* [Problem] Each record that comes next should be output exactly; pictures do not belong in the copy.

[Stored items from a collection]
----
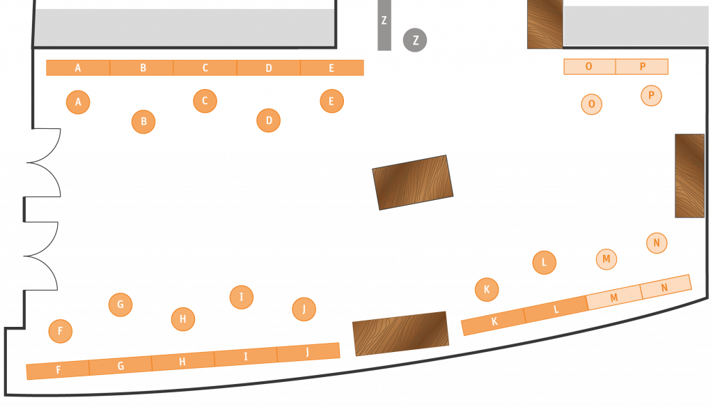 - Stand-/Wandfläche für den Aufbau von Roll-ups: Gesamtbreite max. 1,8 m (Gold), 1,5 m (Silber)
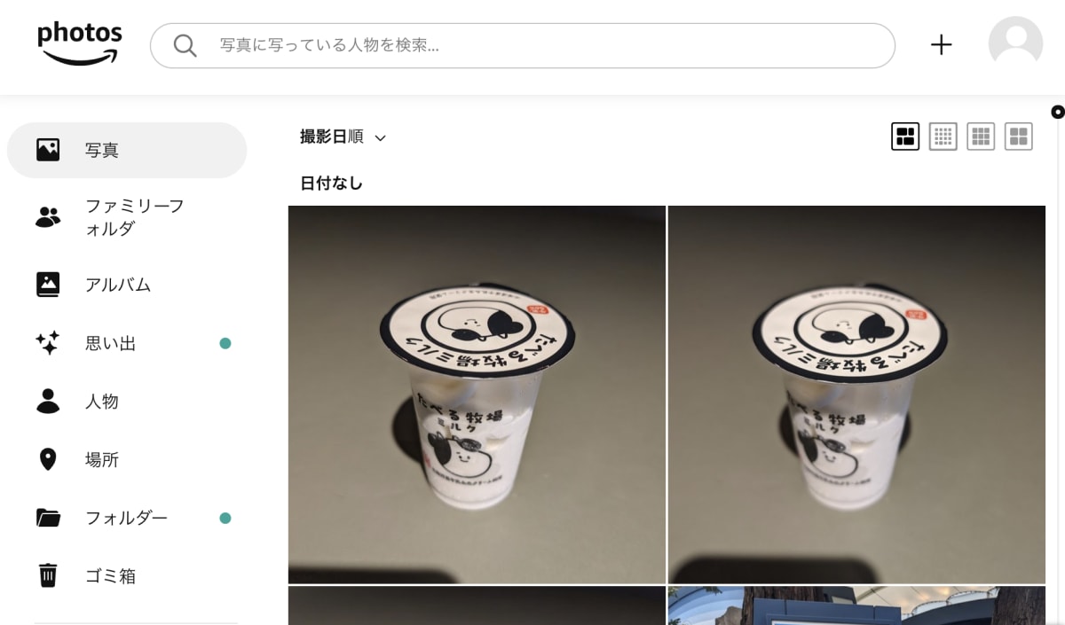 一部の写真が日付なしとなってしまうと、 Amazon Photos の Web にから、撮影した順で写真を閲覧できなくなってしまうので、非常に不便です。
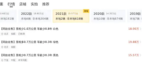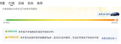 市场行情:根据懂车帝大数据分析,目前这款车的二手车市场行情在15.52-18.79万之间,本车的售价为18.58万,处于相对合理的区间内。同时,本车是2021款中配车,车况正常情况下性价比还是不错的。当然,具体的售价要看车辆的车况、里程数及上牌年限而定。
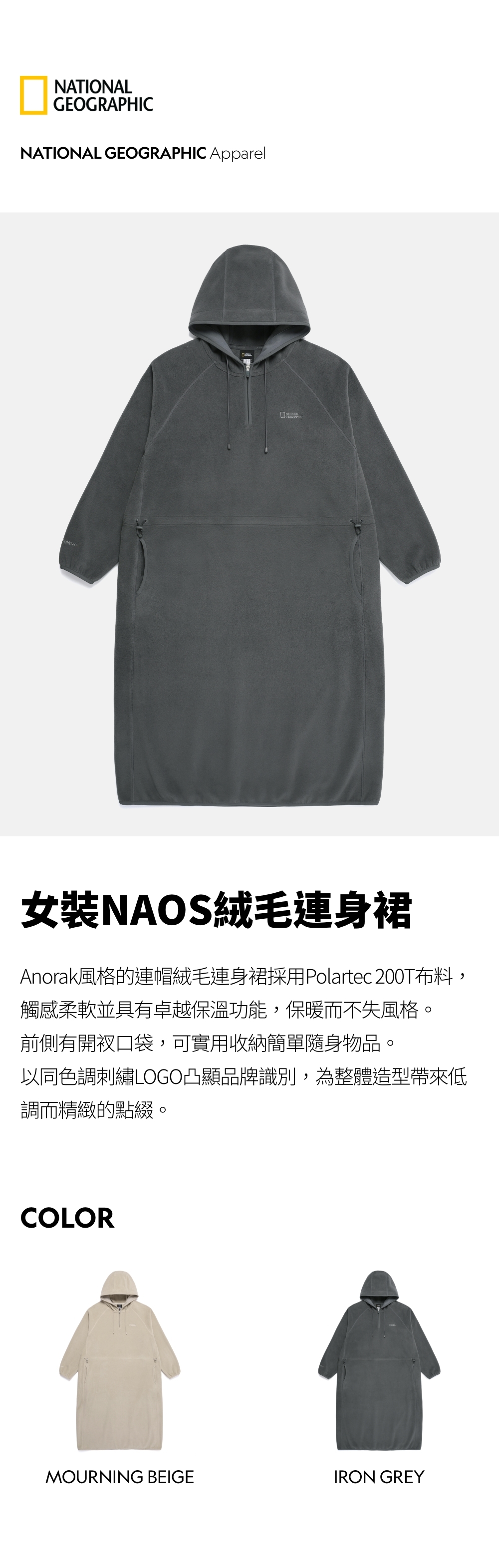 Anorak風格的連帽絨毛連身裙採用Polartec 200T布料,觸感柔軟並具有卓越保溫功能,保暖而不失風格。
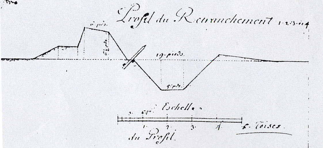 Coupe d'un retranchement, détail du plan à rabat du fort Cézon par Robelin, fait à Brest le 31 octobre 1704, Service Historique de la Marine, Vincennes, série MS, 144-266Immatriculation
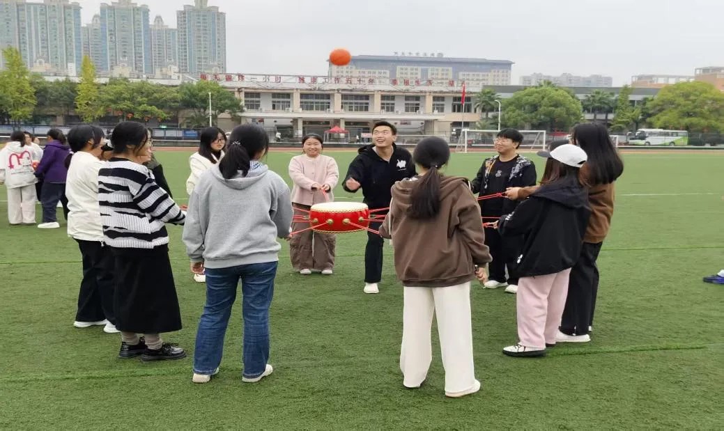 在“擊鼓顛球”環(huán)節(jié)則更加注重協(xié)作與節(jié)奏,每組12人牽繩控鼓,共同顛球,目標(biāo)不僅是創(chuàng)造紀(jì)錄,更是在每一次起落中學(xué)會包容與配合,球起球落間,團隊的凝聚力悄然升華。
----
* [Output of the exercise]
 - Stand-/Wandfläche für den Aufbau von Roll-ups: Gesamtbreite max. 1,8 m (Gold), 1,5 m (Silber)
 一部の写真が日付なしとなってしまうと、 Amazon Photos の Web にから、撮影した順で写真を閲覧できなくなってしまうので、非常に不便です。
 市场行情:根据懂车帝大数据分析,目前这款车的二手车市场行情在15.52-18.79万之间,本车的售价为18.58万,处于相对合理的区间内。同时,本车是2021款中配车,车况正常情况下性价比还是不错的。当然,具体的售价要看车辆的车况、里程数及上牌年限而定。
 Anorak風格的連帽絨毛連身裙採用Polartec 200T布料,觸感柔軟並具有卓越保溫功能,保暖而不失風格。
 Coupe d'un retranchement, détail du plan à rabat du fort Cézon par Robelin, fait à Brest le 31 octobre 1704, Service Historique de la Marine, Vincennes, série MS, 144-266Immatriculation
 在“擊鼓顛球”環(huán)節(jié)則更加注重協(xié)作與節(jié)奏,每組12人牽繩控鼓,共同顛球,目標(biāo)不僅是創(chuàng)造紀(jì)錄,更是在每一次起落中學(xué)會包容與配合,球起球落間,團隊的凝聚力悄然升華。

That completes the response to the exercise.